August 3rd

God Our Father


God, in creating man, did not limit His Divine Paternity to the exercise of a fatherly care of him here on earth. He destined him for a far more complete sonship. He endowed him, at his first creation, with supernatural gifts which rendered him in a far higher sense the son of God than did the mere fact of creation and preservation. He stamped upon him a supernatural likeness to Himself, so that man is truly, as St. Peter says, a partaker in the Divine Nature. (2 St. Peter i. 4). How truly then may man call God his Father, since there is no truer mark of sonship than to share the nature of the father.

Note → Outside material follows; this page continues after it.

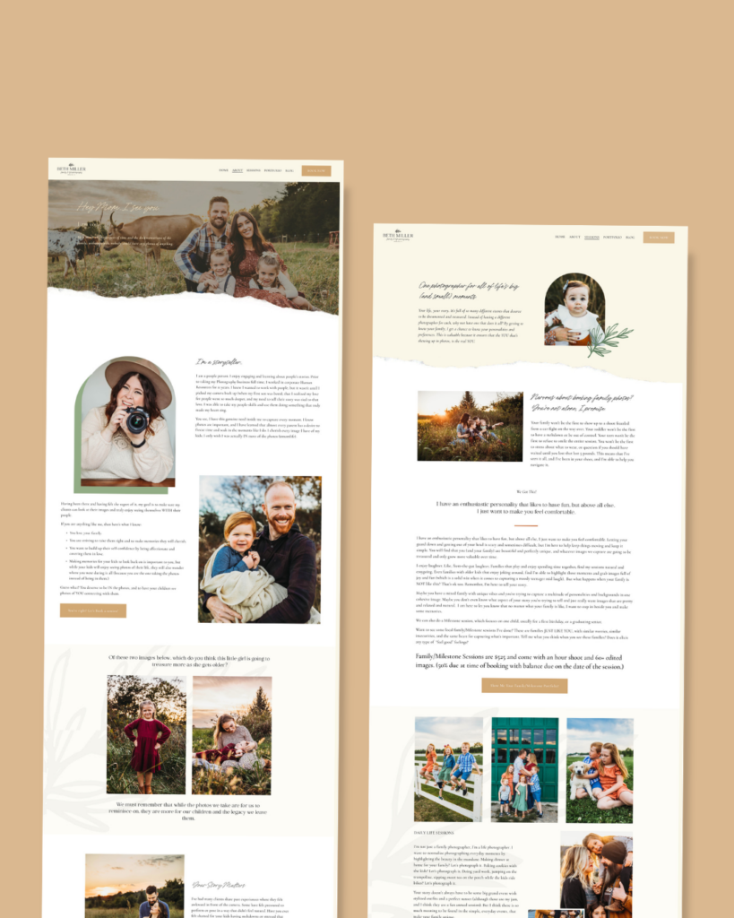 Done-for-you copywriting is included in every full brand and website project we take on, and Beth’s site is a beautiful example of why that matters. Her copy needed to capture the warmth and genuine passion she brings to every session, her deep love for the families she photographs and her commitment to preserving moments that will outlive all of us. It needed to sound like Beth, just polished, strategic, and built to connect with the clients who were already looking for exactly what she offers.

But God was not even satisfied with this. He determined to raise man to a far closer union with Himself, and a far more complete resemblance to Himself than was possible on earth. He prepared for man, body as well as soul, a place in His own Heaven, where man would live in the closest intimacy with Himself that was possible for one whom God had created. Our Father in Heaven desired that all His sons should share His own glory and splendour.

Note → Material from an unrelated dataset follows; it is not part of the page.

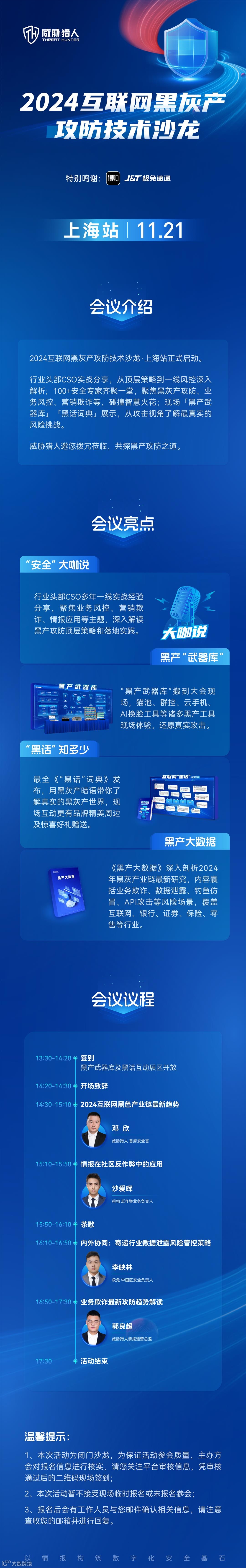 2024威胁猎人互联网黑灰产攻防技术沙龙 上海站(11.21/周四 )

What was the gift that God intended to bestow on man as His choicest gift? He was not only to dwell with God for ever, but he was to see his Father face to face, and that sight was to perfect his likeness to God, and to fill his heart with an overflowing and unspeakable happiness, a happiness like to that of God Himself. What greater proof could God have given to man of His love than this? "We shall be like to Him because we shall see Him as He is" (St. John iii. 2).